**WHAT YOU HAVE TO DO**
Take every record and write it out again exactly, with no images included.

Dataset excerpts
Segment Open

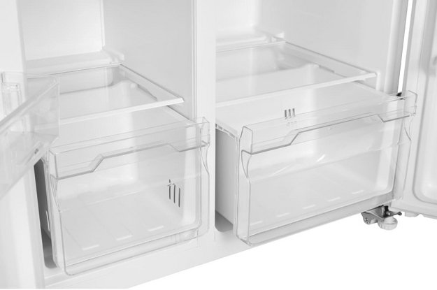 Данная модель — отдельностоящая, поэтому нужно тщательно подобрать место для ее размещения. Холодильник Side-by-Side с необычным расположением камер — сбоку друг от друга — позволяет увеличить объем продуктов для хранения. Такой вариант подходит обладателям просторной кухни, большим семьям, людям, которые запасают продукты и готовят впрок. Количество камер: 2.
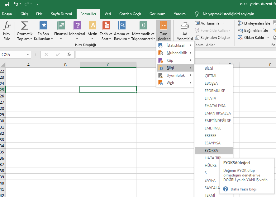 EYOKSA BİLGİ fonksiyonları altında kategorize edilir. Formüller Sekmesinde Tüm İşlevler Altındaki BİLGİ grubundadır.
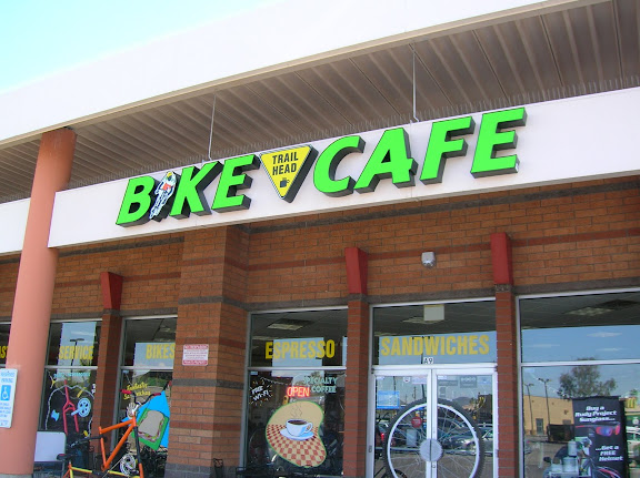I started my ride off right with Aunt Chilada’s for lunch. Then over to Trailhead Bike Cafe for some window shopping and a few supplies: Nuun and a Chocolate Chip Muffin to go.
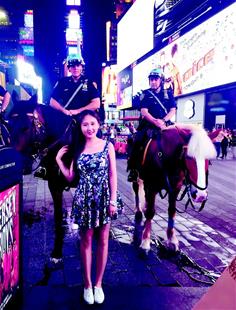 图为蓝曼在时代广场留影
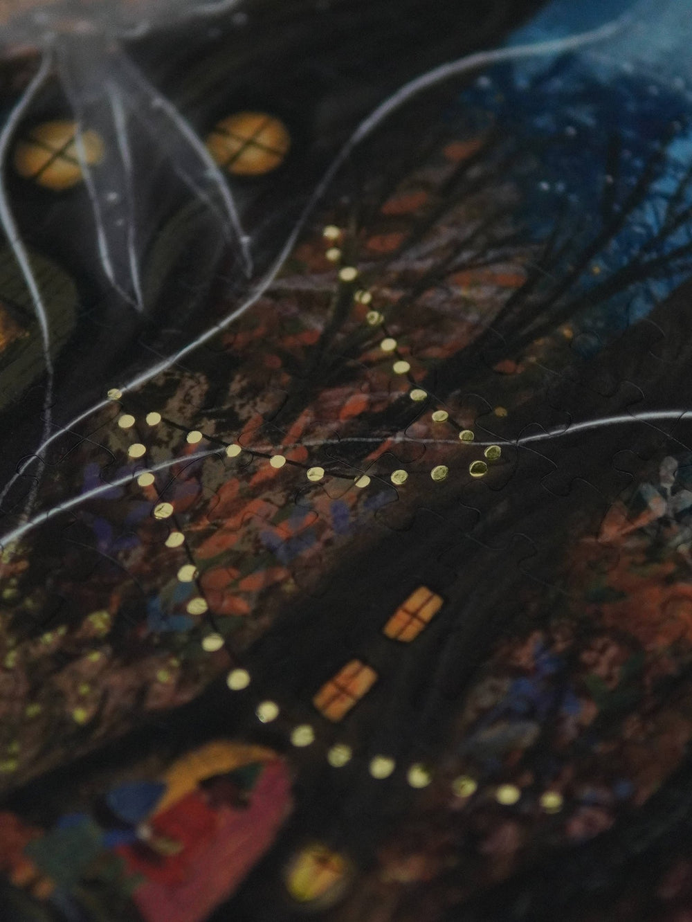Fairywood is rich with themes of magical forests, whimsical autumn scenery, lantern-lit pathways, woodland homes, gentle spirits, and imaginative storytelling. The glowing night sky, warm earthy tones, and bustling tiny characters create a charming world brimming with fantasy and nostalgia—perfect for lovers of atmospheric, storybook-style jigsaw puzzles.
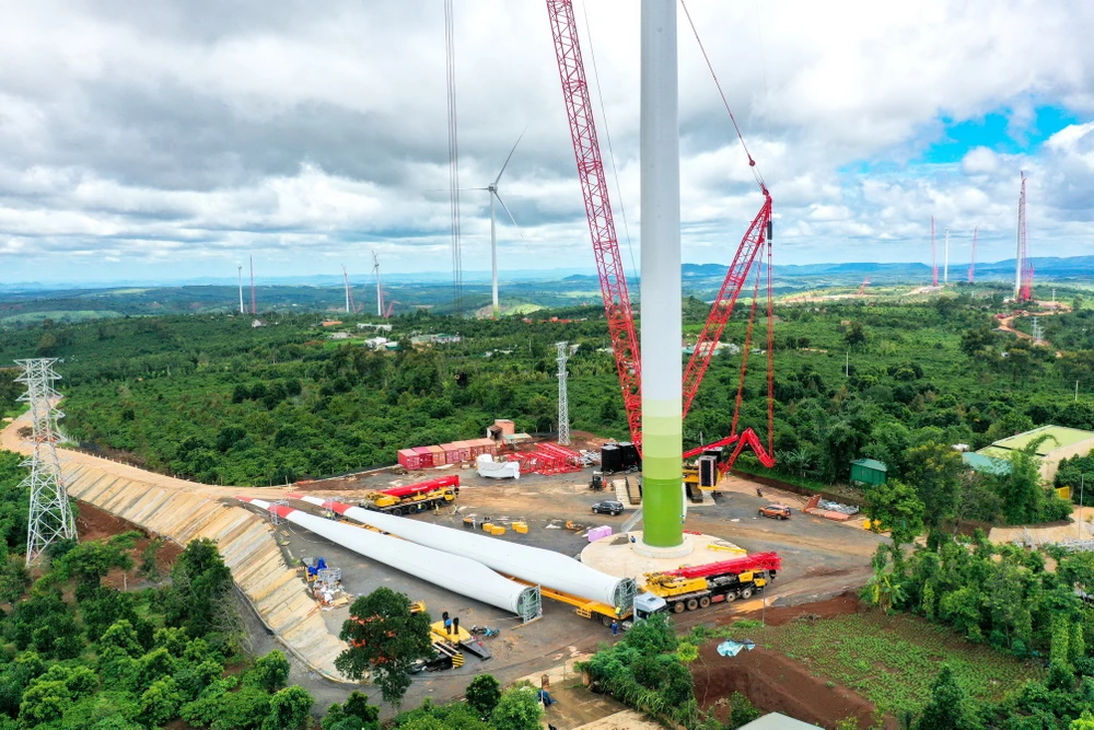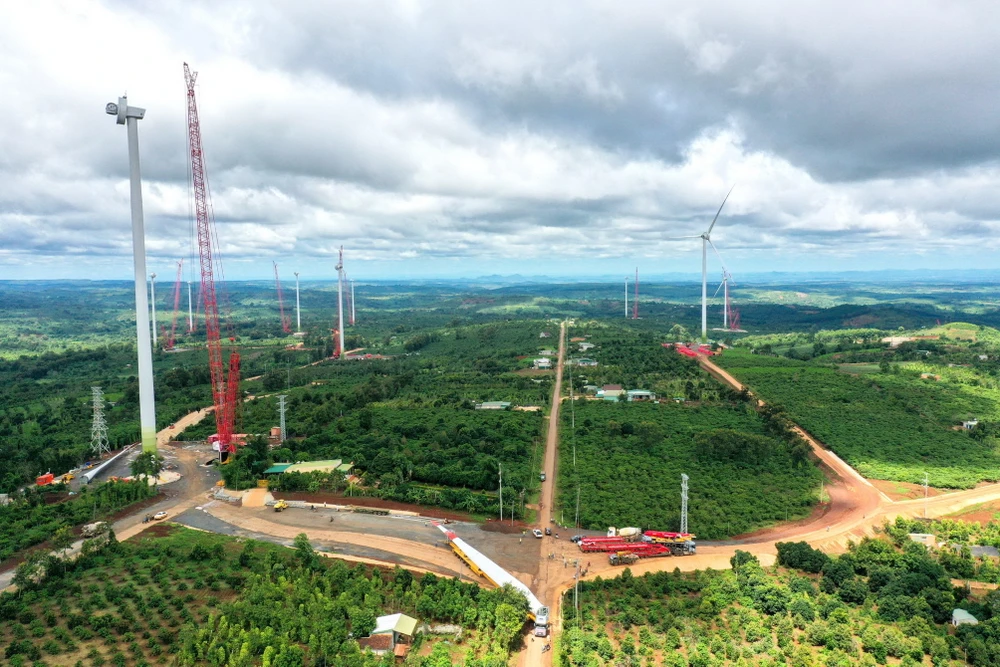 Những ngày này, công trường dự án Nhà máy Điện gió Ea Nam (Đắk Lắk) với công suất 400MW và Trạm biến áp 500KV-450MVA đấu nối chuyển tiếp lên đường dây 500KV Pleiku - Di Linh nhộn nhịp xe ra vào, trang thiết bị được vận chuyển ngày đêm đến chân từng cột gió.
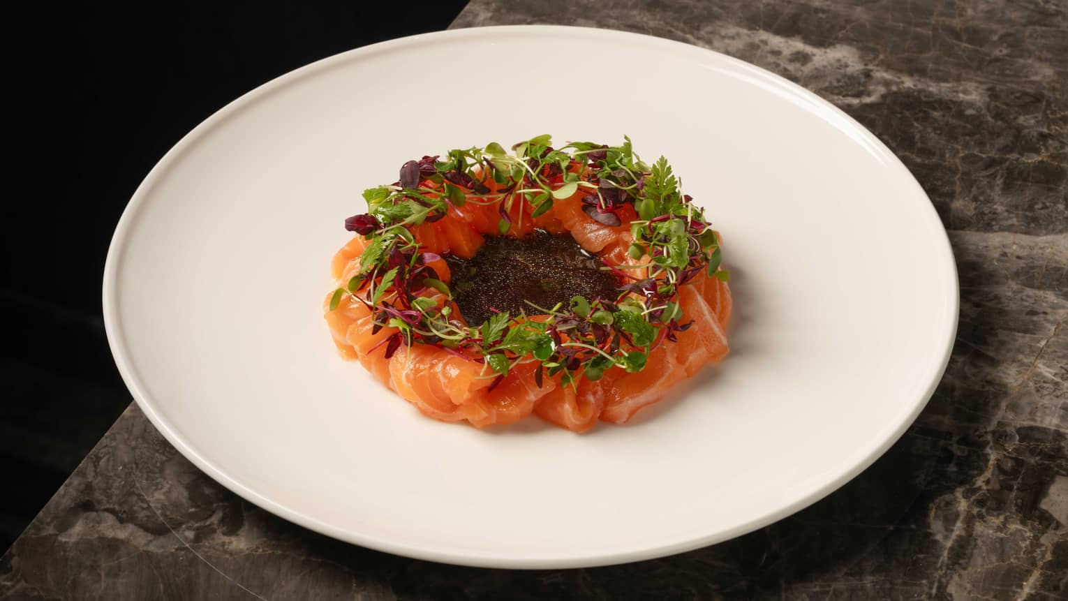 生切三文鱼薄片松露风味日式照烧,微型生菜沙拉
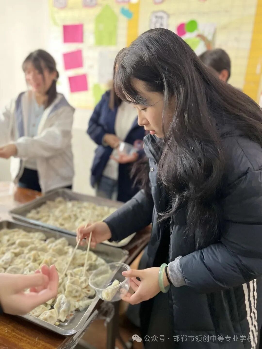同学们跟着老师学得有模有样,有的手法娴熟快速包出饱满的月牙饺,有的创意十足捏出卡通造型的 “趣味饺”,欢声笑语中,一个个形态各异的饺子在掌心成型,不仅包裹着鲜香的馅料,更裹着师生间的亲密情谊。

Segment Closed

**SOLUTION TO THE EXERCISE**
 Данная модель — отдельностоящая, поэтому нужно тщательно подобрать место для ее размещения. Холодильник Side-by-Side с необычным расположением камер — сбоку друг от друга — позволяет увеличить объем продуктов для хранения. Такой вариант подходит обладателям просторной кухни, большим семьям, людям, которые запасают продукты и готовят впрок. Количество камер: 2.
 EYOKSA BİLGİ fonksiyonları altında kategorize edilir. Formüller Sekmesinde Tüm İşlevler Altındaki BİLGİ grubundadır.
I started my ride off right with Aunt Chilada’s for lunch. Then over to Trailhead Bike Cafe for some window shopping and a few supplies: Nuun and a Chocolate Chip Muffin to go.
 图为蓝曼在时代广场留影
Fairywood is rich with themes of magical forests, whimsical autumn scenery, lantern-lit pathways, woodland homes, gentle spirits, and imaginative storytelling. The glowing night sky, warm earthy tones, and bustling tiny characters create a charming world brimming with fantasy and nostalgia—perfect for lovers of atmospheric, storybook-style jigsaw puzzles.
 Những ngày này, công trường dự án Nhà máy Điện gió Ea Nam (Đắk Lắk) với công suất 400MW và Trạm biến áp 500KV-450MVA đấu nối chuyển tiếp lên đường dây 500KV Pleiku - Di Linh nhộn nhịp xe ra vào, trang thiết bị được vận chuyển ngày đêm đến chân từng cột gió.
 生切三文鱼薄片松露风味日式照烧,微型生菜沙拉
同学们跟着老师学得有模有样,有的手法娴熟快速包出饱满的月牙饺,有的创意十足捏出卡通造型的 “趣味饺”,欢声笑语中,一个个形态各异的饺子在掌心成型,不仅包裹着鲜香的馅料,更裹着师生间的亲密情谊。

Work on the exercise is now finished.